Democrats Prove Dung Flies In Formation
By: Rachel Marsden
U.S. President George W. Bush has accepted his Iraq war general's
recommendations to begin gradual withdrawal of troops. Since Democrats have been
begging for troop pullout for months, you'd think they'd be thrilled -- but they
That's because Bush didn't follow the script of their wet dream: "My fellow Americans. I'm withdrawing troops from Iraq because we're totally screwed. #&%$ this -- I'm going back to the ranch."
Instead, as General David Petraeus points out, the drawdown comes as a result of success, not defeat -- proof that the January 2007 Bush troop surge has worked.
Having given the Democrats what they have been asking for all along, just not on their defeatist terms, the four-star general had to then sit in congressional hearings last week while Hillary Clinton, the flower power generation's poster girl, took potshots at his integrity: "I think that the reports you provide to us really require the willing suspension of disbelief." Barack Obama and others joined her, proving that dung enjoys flying in formation.
It seems that the donkeys are keen on Petraeus adopting the role of General William Westmoreland, who won every battle in Vietnam only to have Democratic President Lyndon Johnson pull the rug (and the troops) out from under him and give up.
Bush and Petraeus can't throw up the white flag fast enough for the donkey's liking, because Hillary and friends have until November 2008 to convince American voters that mere finger wagging wins wars.
They keep telling us the troops can be yanked out because the situation in Iraq requires a political solution, not a military one. OK, let's test that theory.
The problem in Iraq is measured in terms of violence and bombings. Now, if that problem can really be dealt with via diplomacy and witty repartee, then we simply need to send in the world's top diplomats.

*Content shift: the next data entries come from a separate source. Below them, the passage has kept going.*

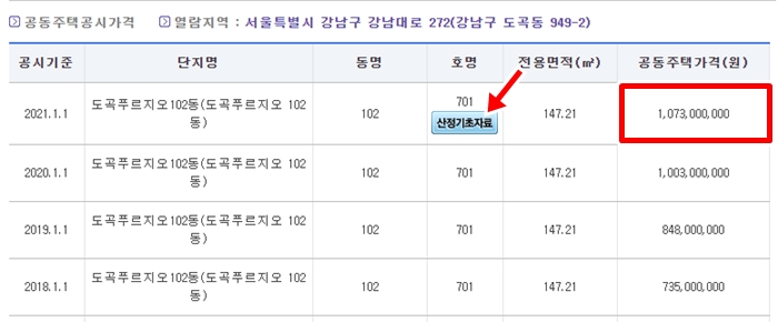 예를 들어 조회해본 아파트 공시지가 조회 내용입니다. 매년 1월 1일 발표된 공동주택가격이 오른쪽에 나와있습니다. 2021년 올해의 경우 10억 7,300만원으로 책정되어 있습니다. 매년 높아지고 있기 때문에 2022년이 되면 또 새로운 가격을 확인 할 수 있습니다.
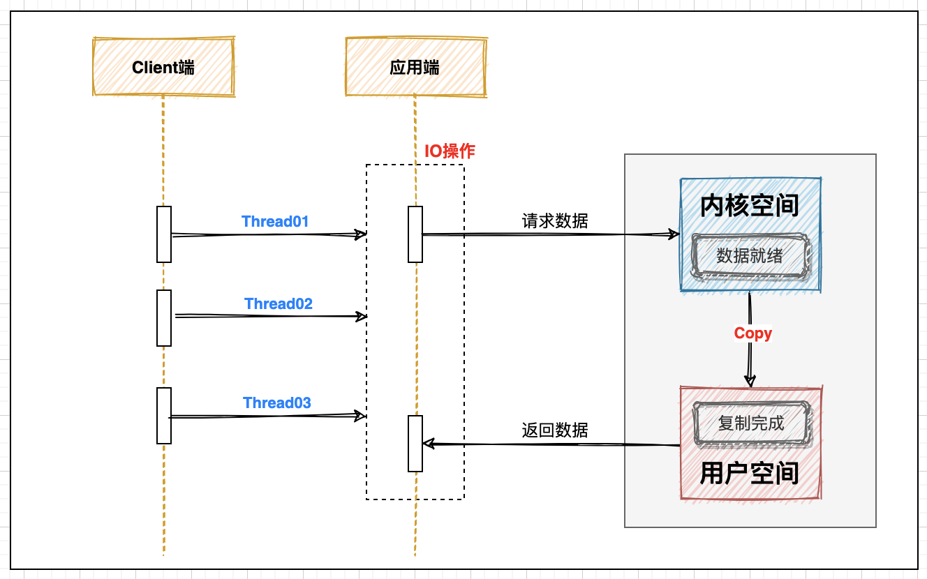 用户线程与内核的交互方式,应用端请求对应一个线程处理,整个过程中accept(接收)和read(读取)方法都会阻塞直至整个动作完成:
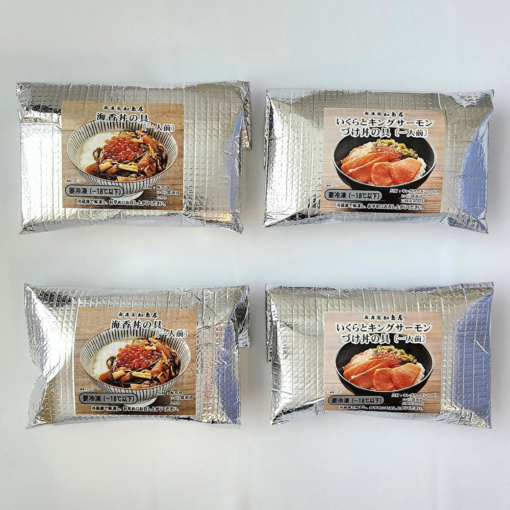 海香丼の具130g×2(海香丼の具:するめいか、いくらしょう油漬、ボイル帆立貝柱、数の子、添付とろろ:長芋(やまいも含む))、いくらとキングサーモンの具90g×2(いくらとキングサーモンづけの具:キングサーモン、めかぶ、いくらしょう油漬)
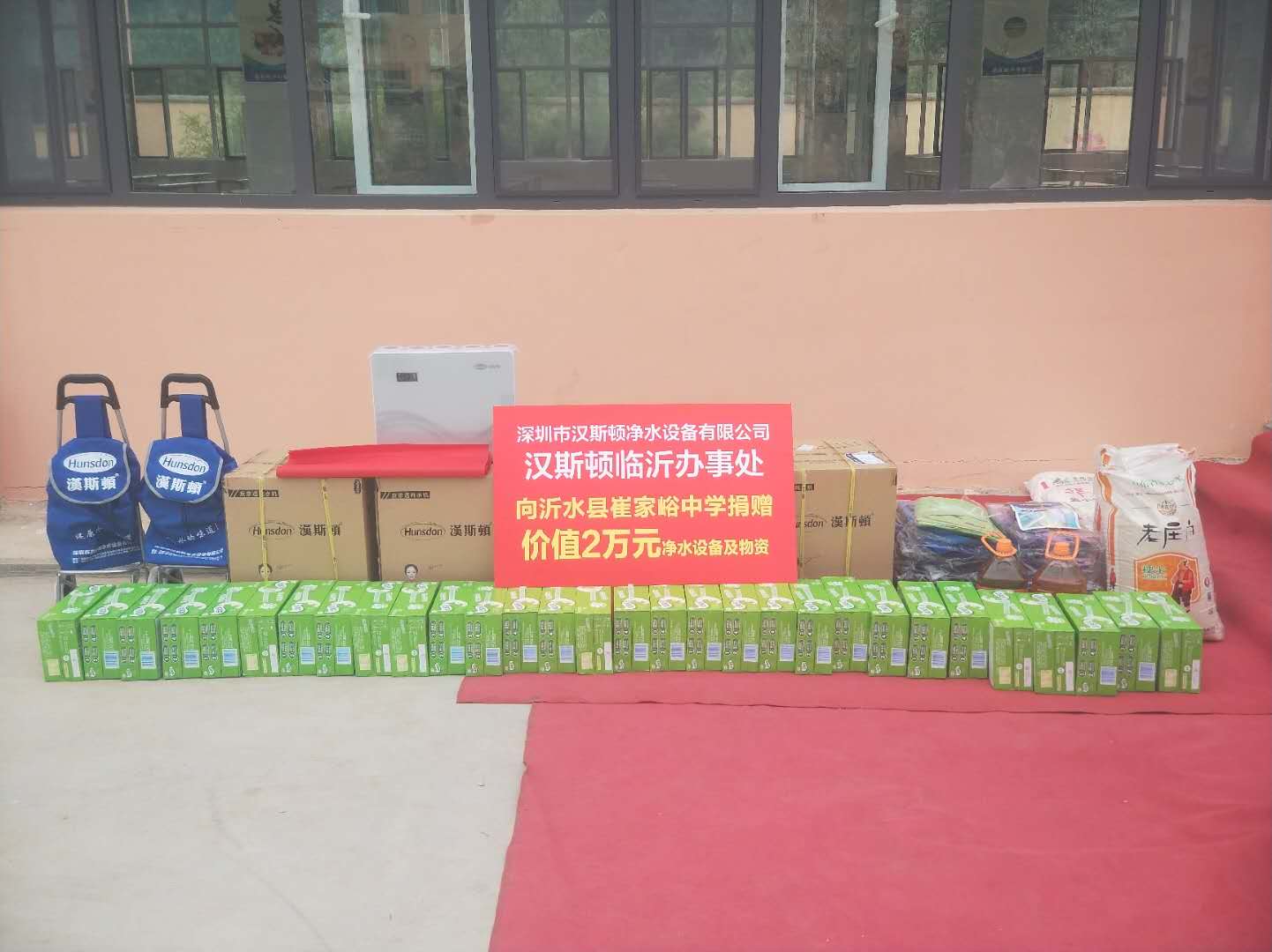 愛是陪伴,細水長流。漢斯頓工作人員,再次走進校園,把愛心送給莘莘學子和在講臺上無私奉獻的老師們。漢斯頓臨沂辦事處向沂水縣崔家峪中學捐贈價值20000元的凈水設備和物資及30箱牛奶。
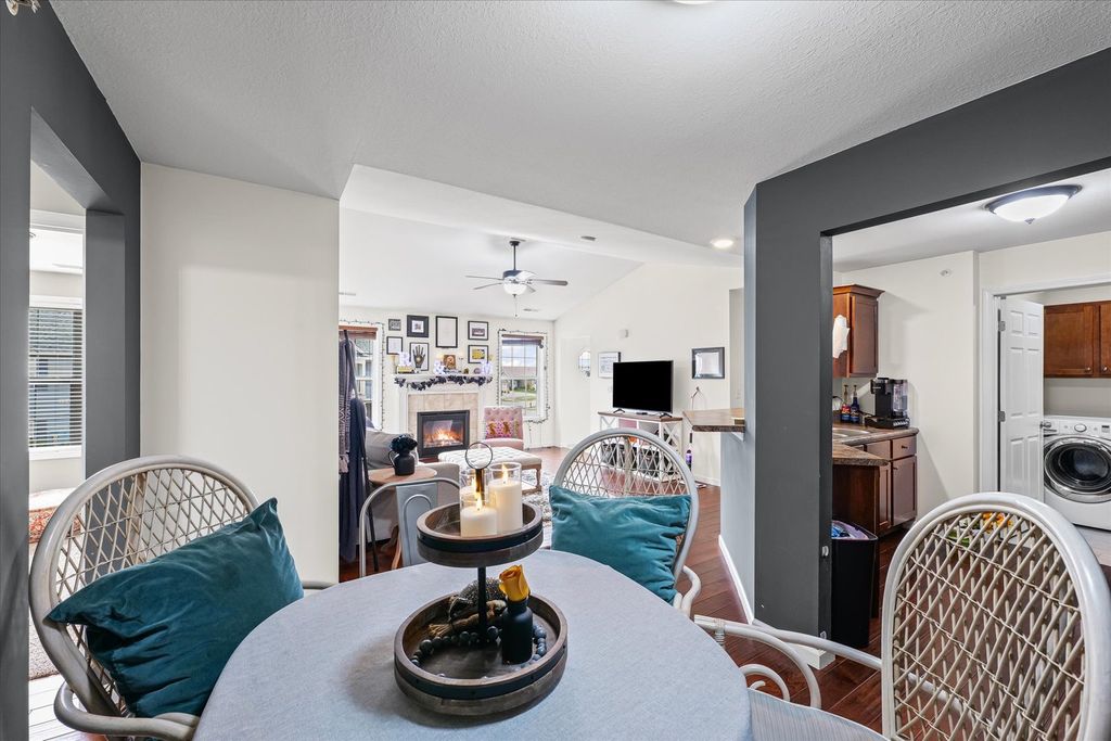 Spacious and bright second-floor condo in the desirable Stillwater Landing community! This 2-bedroom, 2-bathroom unit features an open floor plan with vaulted ceilings, hardwood floors, abundant natural light, and a cozy fireplace in the living area. The kitchen offers plenty of cabinet space and a breakfast bar that flows into the dining area, perfect for entertaining. The primary suite includes a walk-in closet and private bath. Enjoy your morning coffee or evening wind-down on the private balcony with peaceful views. Additional highlights include in-unit laundry, attached garage parking, and access to community amenities. Conveniently located near shopping, restaurants, parks, and quick access to the University of Illinois campus. Move-in ready and low maintenance!

So let's empty out the United Nations building in New York and get the 3rd Battalion of Desk Jockeys over there.
When they arrive in Iraq and are faced with terrorists wanting to shoot them, behead them or blow them up, they can dazzle the enemy with a friendly smile, stunning vocabulary and warm handshake.
Then they can sit down and regale the Islamofascists with heartwarming tales of women's lib, homosexual rights, and a recap of Britney Spears' performance at the MTV Awards.
How long do you think it would take for these suits to land starring roles in the next batch of terrorist snuff videos?
The troops are over there fighting for your values, you leftist nitwits. If the U.S. pulled out of Iraq tomorrow and chaos ensued, I'd be taking bets on the amount of time it would take for George Clooney, Sean Penn and various other high-profile members of the liberal left to start holding press conferences, mounting campaigns, and whining about how people in Iraq were killing each other and no one was doing anything to help.
Hillary's presidential opponent, Rudy Giuliani, spelled out the only acceptable outcome of this ideological war against Islamofascism: "They lose, we win." In the Second World War, this is what it looked like: The Nazis dropped their ideology and simply became peaceful Germans.
The only other logical alternative is that we adopt Sharia law and walk around in burqas. Hillary Clinton may not like showing skin in the summertime, but I do. And I'm all for hanging in there for as long as it takes to defend that right.